BEGIN Given material

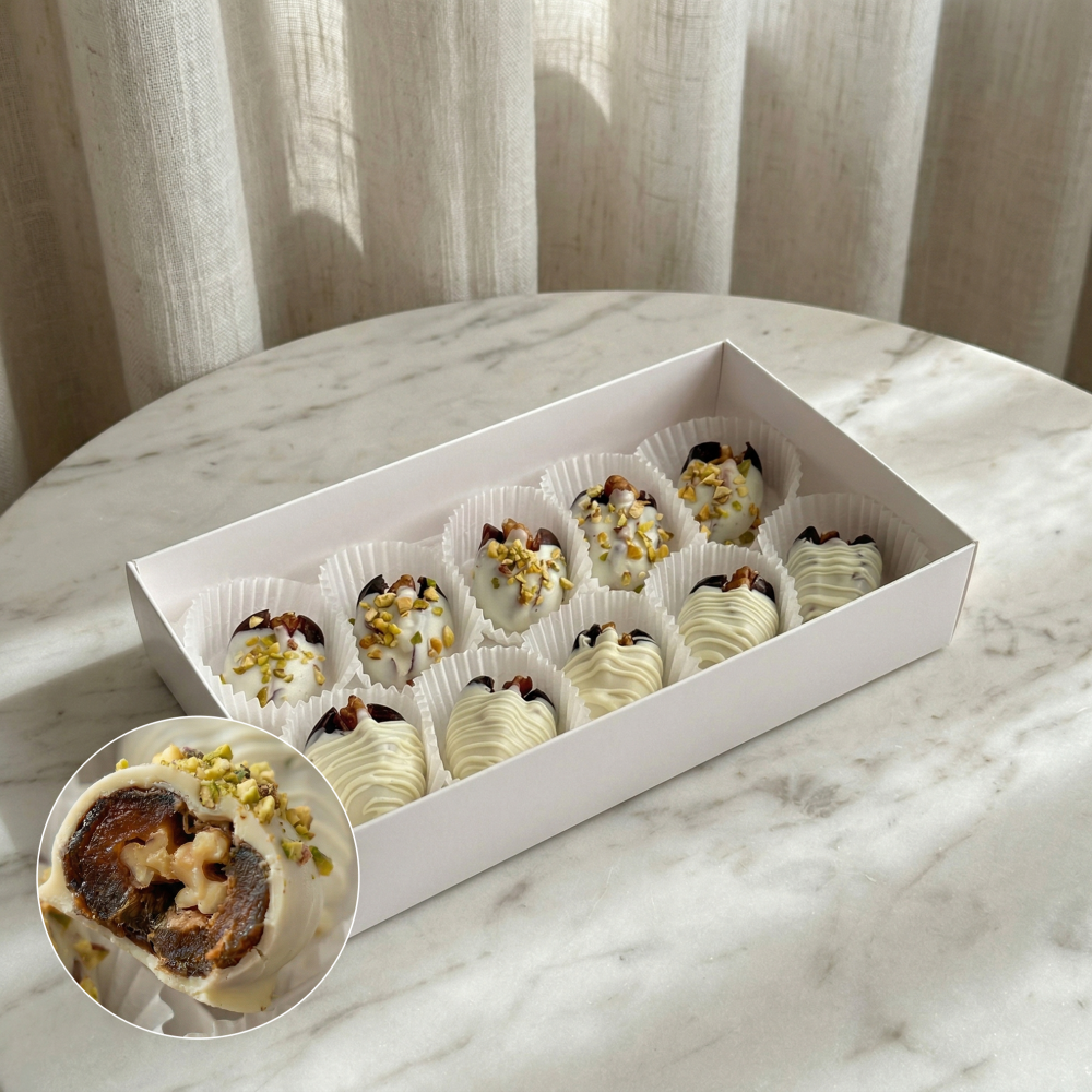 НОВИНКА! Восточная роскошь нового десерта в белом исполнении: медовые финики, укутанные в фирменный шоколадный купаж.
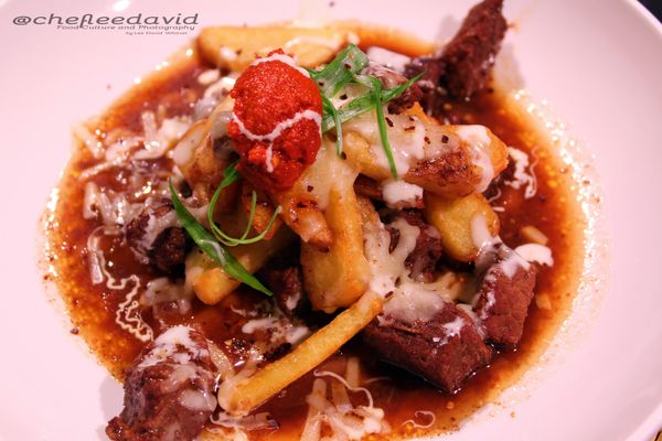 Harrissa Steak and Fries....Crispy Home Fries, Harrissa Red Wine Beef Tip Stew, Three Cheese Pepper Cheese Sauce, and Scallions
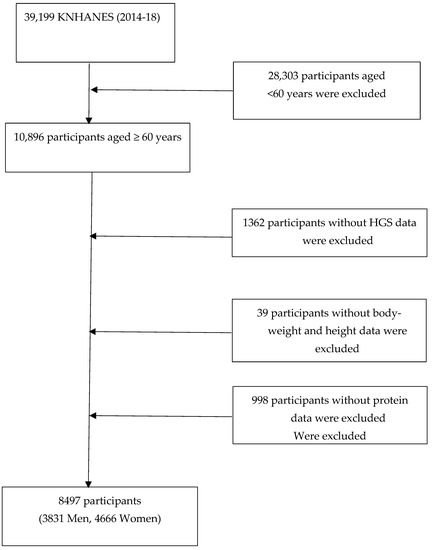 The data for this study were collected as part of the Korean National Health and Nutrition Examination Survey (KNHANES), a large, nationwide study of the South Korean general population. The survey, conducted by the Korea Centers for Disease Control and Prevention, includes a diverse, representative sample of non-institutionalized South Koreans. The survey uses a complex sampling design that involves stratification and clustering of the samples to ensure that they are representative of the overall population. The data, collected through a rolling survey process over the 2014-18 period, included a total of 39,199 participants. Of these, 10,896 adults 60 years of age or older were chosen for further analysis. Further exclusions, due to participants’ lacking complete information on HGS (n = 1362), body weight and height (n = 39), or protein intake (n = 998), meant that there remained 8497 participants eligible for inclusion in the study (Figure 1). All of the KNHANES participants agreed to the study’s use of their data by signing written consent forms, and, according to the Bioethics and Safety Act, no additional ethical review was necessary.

END Given material

Repeat the data exactly, excluding the pictures.

 НОВИНКА! Восточная роскошь нового десерта в белом исполнении: медовые финики, укутанные в фирменный шоколадный купаж.
 Harrissa Steak and Fries....Crispy Home Fries, Harrissa Red Wine Beef Tip Stew, Three Cheese Pepper Cheese Sauce, and Scallions
 The data for this study were collected as part of the Korean National Health and Nutrition Examination Survey (KNHANES), a large, nationwide study of the South Korean general population. The survey, conducted by the Korea Centers for Disease Control and Prevention, includes a diverse, representative sample of non-institutionalized South Koreans. The survey uses a complex sampling design that involves stratification and clustering of the samples to ensure that they are representative of the overall population. The data, collected through a rolling survey process over the 2014-18 period, included a total of 39,199 participants. Of these, 10,896 adults 60 years of age or older were chosen for further analysis. Further exclusions, due to participants’ lacking complete information on HGS (n = 1362), body weight and height (n = 39), or protein intake (n = 998), meant that there remained 8497 participants eligible for inclusion in the study (Figure 1). All of the KNHANES participants agreed to the study’s use of their data by signing written consent forms, and, according to the Bioethics and Safety Act, no additional ethical review was necessary.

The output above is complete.